El acta de los generales que patrióticamente decidieron acudir en auxilio de Bilbao, sin órdenes terminantes del gobierno ni del general en jefe para ejecutar tan importante movimiento, es un documento de tan señalada importancia histórica, que no puede menos de ser contado entre los más señalados hechos del reinado de doña Isabel (1).

El ejército siguió su marcha sobre Bilbao y los carlistas se retiraron á su aproximación, como lo habrían hecho mucho antes si Valdés hubiese obrado con la decisión que, menos obligado á mostrarla y cargando con mucha mayor responsabilidad, adoptó La Hera y los generales que resolvieron la marcha sobre Bilbao.

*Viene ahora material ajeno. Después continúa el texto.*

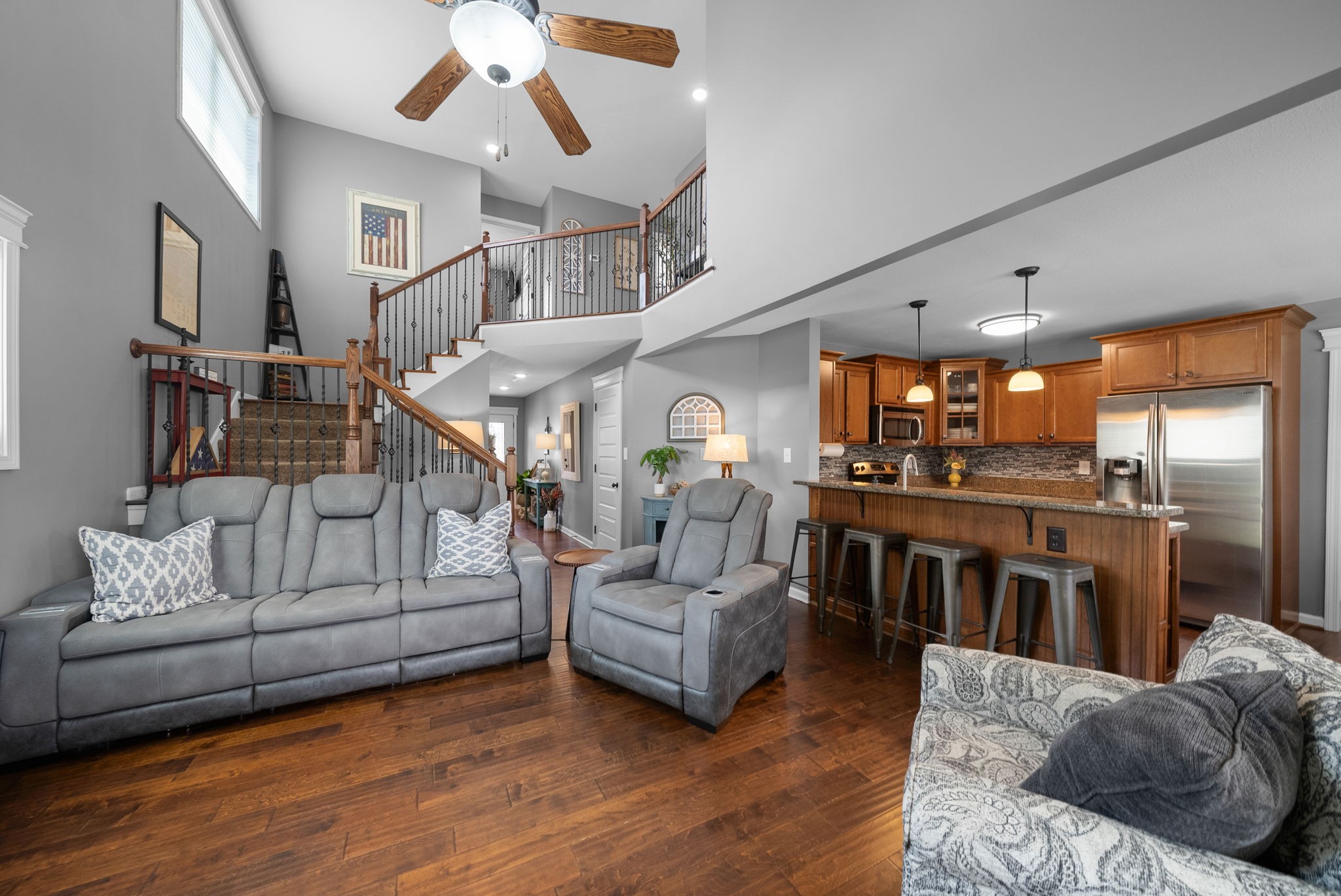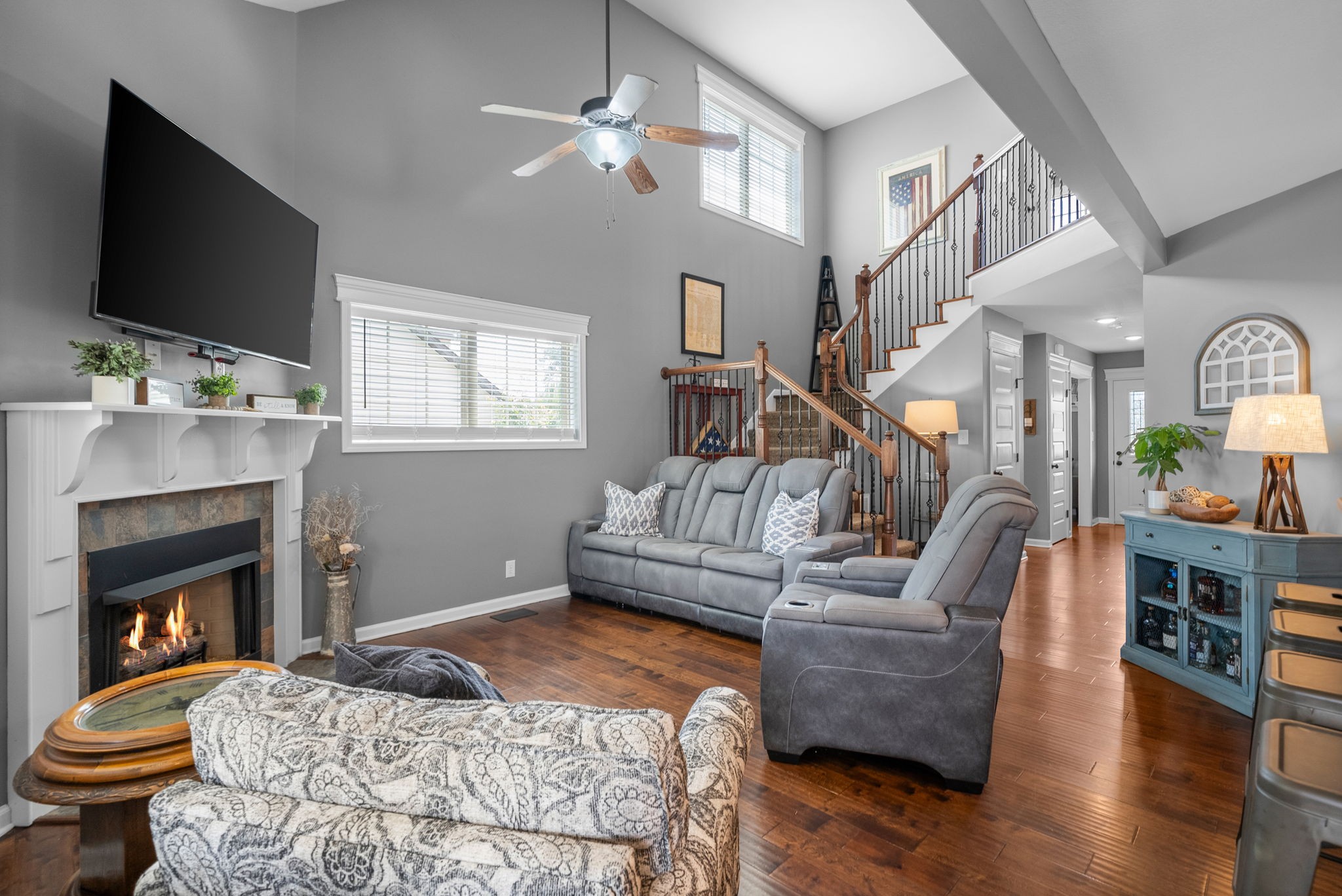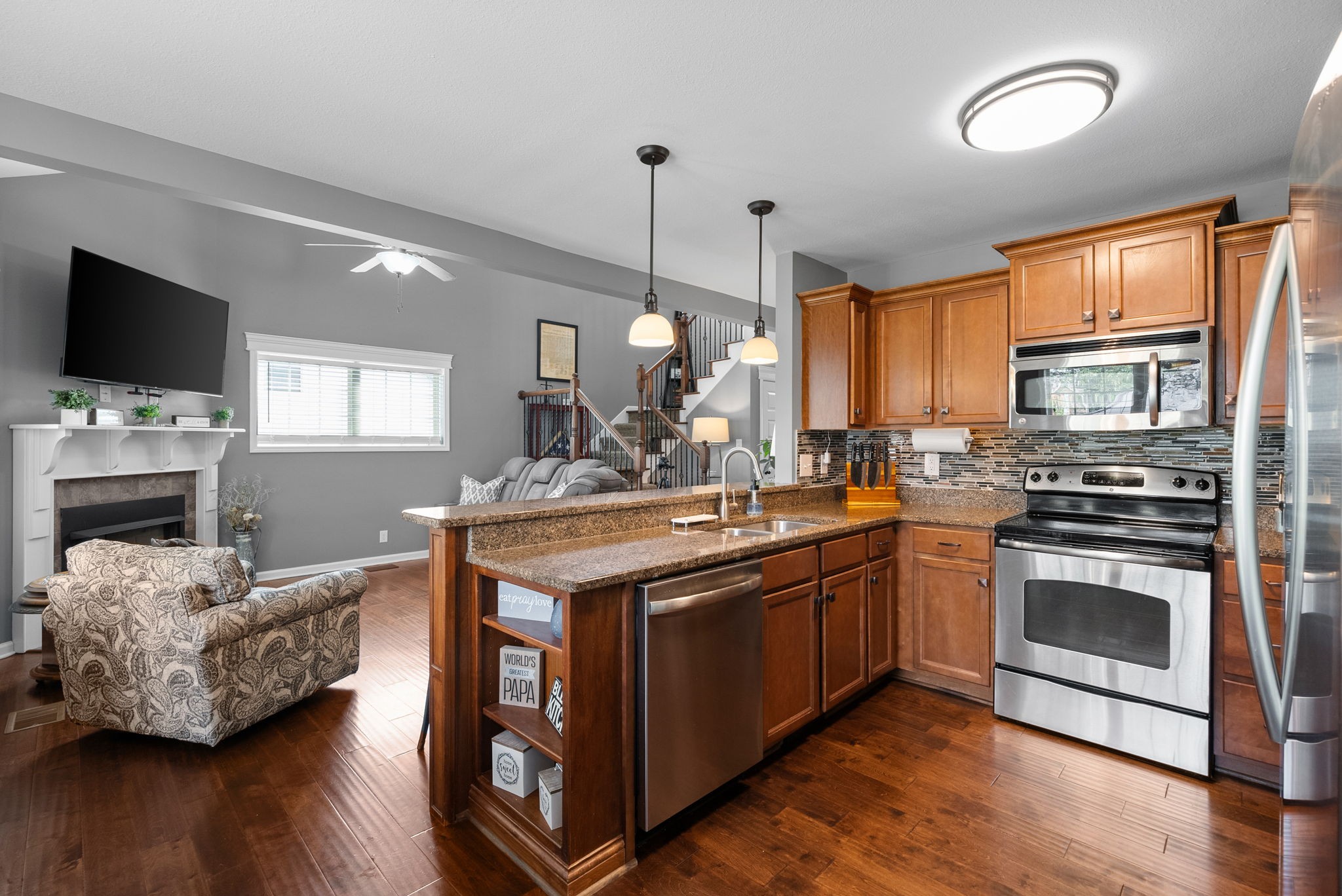 PRIME LOCATION! The backyard alone is going to sell this house! This is the affordable 4 bedroom Sango home you've been looking for in the beautiful Ivy Bend Subdivision! Gorgeous wood floors throughout the main floor of this immaculately maintained home. Office w/custom built in bookshelves. Eat in kitchen with granite counters open to cozy living room with gas fireplace and tall ceilings. Upstairs you will find the primary suite, 3 spare bedrooms and 2 full baths. Extra driveway parking, fenced backyard with fire pit and gorgeous landscaping! Come see this gem today and bring us an offer!

(1) Véase el documento núm. I.

La esforzada villa vió entrar el 1.o de julio en sus muros tintos con la sangre de sus valientes hijos y entre las aclamaciones de un pueblo agra decido diez y siete batallones de la reina, á los que acompañaron ó siguieron igual o superior número que fueron sucesivamente aproximándose á las orillas del Nervión.

Dos días después se ponía al frente del ejército don Luis Fernández de Córdova, cuyo mando en calidad de general en jefe interino preparó su merecido ascenso á la propiedad de un puesto que supo realzar con su patriotismo y sus dotes militares.

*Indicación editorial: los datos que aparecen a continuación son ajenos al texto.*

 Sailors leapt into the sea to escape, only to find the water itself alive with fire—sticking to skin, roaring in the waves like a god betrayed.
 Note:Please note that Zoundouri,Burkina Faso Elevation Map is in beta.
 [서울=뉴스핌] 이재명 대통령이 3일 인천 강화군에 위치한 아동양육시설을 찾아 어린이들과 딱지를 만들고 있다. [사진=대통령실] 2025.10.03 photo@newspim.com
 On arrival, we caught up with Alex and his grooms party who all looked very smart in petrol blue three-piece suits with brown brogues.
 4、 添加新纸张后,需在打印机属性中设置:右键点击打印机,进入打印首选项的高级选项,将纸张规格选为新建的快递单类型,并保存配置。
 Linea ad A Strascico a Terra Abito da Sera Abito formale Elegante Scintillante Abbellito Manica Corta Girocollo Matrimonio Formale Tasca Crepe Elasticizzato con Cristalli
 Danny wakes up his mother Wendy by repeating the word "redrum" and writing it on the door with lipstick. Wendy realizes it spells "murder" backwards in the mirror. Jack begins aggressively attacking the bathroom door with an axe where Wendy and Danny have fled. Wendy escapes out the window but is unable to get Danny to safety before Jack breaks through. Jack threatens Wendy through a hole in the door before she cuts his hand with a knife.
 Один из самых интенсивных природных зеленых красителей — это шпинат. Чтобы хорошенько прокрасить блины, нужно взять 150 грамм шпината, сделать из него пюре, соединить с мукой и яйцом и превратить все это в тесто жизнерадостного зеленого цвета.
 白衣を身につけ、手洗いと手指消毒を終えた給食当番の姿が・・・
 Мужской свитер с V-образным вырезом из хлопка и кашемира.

Hemos visto en qué manera don Francisco Benito de Eraso, que tomó el mando del ejército al retirarse herido Zumalacárregui, condujo las operaciones del sitio, pero es curioso conocer cuán señaladamente se hizo sentir la falta del hombre de guerra desde el instante en que la autoridad que su presencia ejercía dejaba libre esfera á las intrigas y á las torpezas predominantes en la corte de don Carlos.

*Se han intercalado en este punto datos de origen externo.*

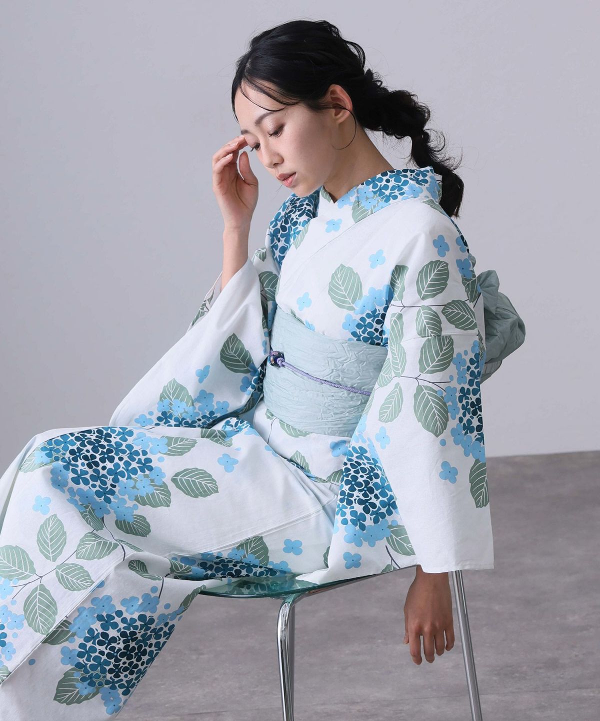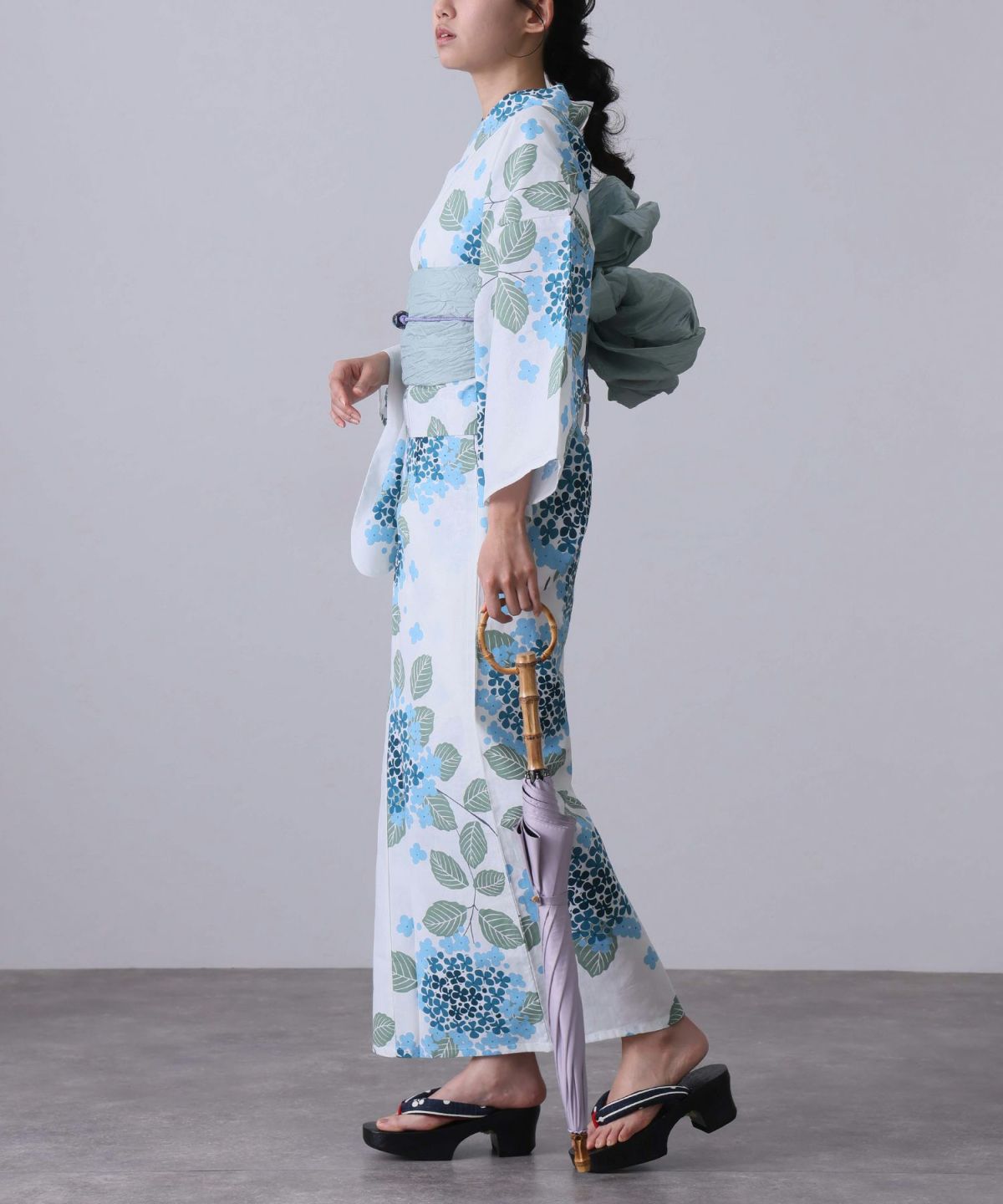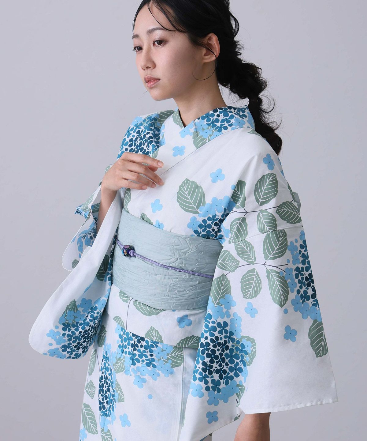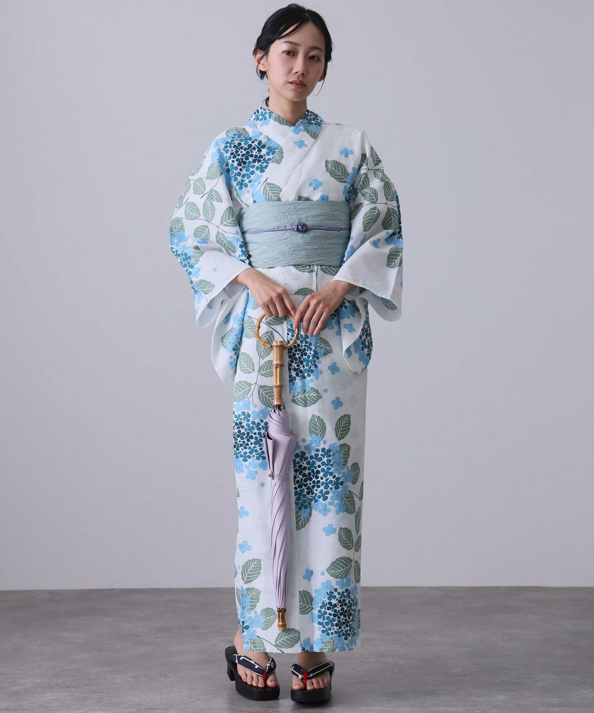 清楚なあじさい柄 あじさい雨模様 浴衣4点セット(半巾帯)

Sabido que hubo este príncipe que el herido debía ser reemplazado, llamó á don Rafael Maroto á quien instó fuese á dirigir el sitio, y con tanta premura quiso que partiese, que no le dió tiempo para recibir de manos del ministro de la Guerra instrucciones escritas, las que ofreció le alcanzarían en el camino; mas al llegar al cuartel general el que creía ir á ocupar el lugar de Eraso, se encontró con que el ministro de la Guerra le prevenía haber S. M. resuelto que permaneciese Maroto á las inmediatas órdenes de aquel general interin éste no dejase el mando para atender á la curación de su enfermedad, según lo tenía solicitado; á lo que añadía el ministro en su comunicación á Maroto que éste debía observar las operaciones de Eraso y comunicar al Rey cuanto notase, pues se había llegado á entender que aquél mantenía inteligencias con los jefes de la plaza.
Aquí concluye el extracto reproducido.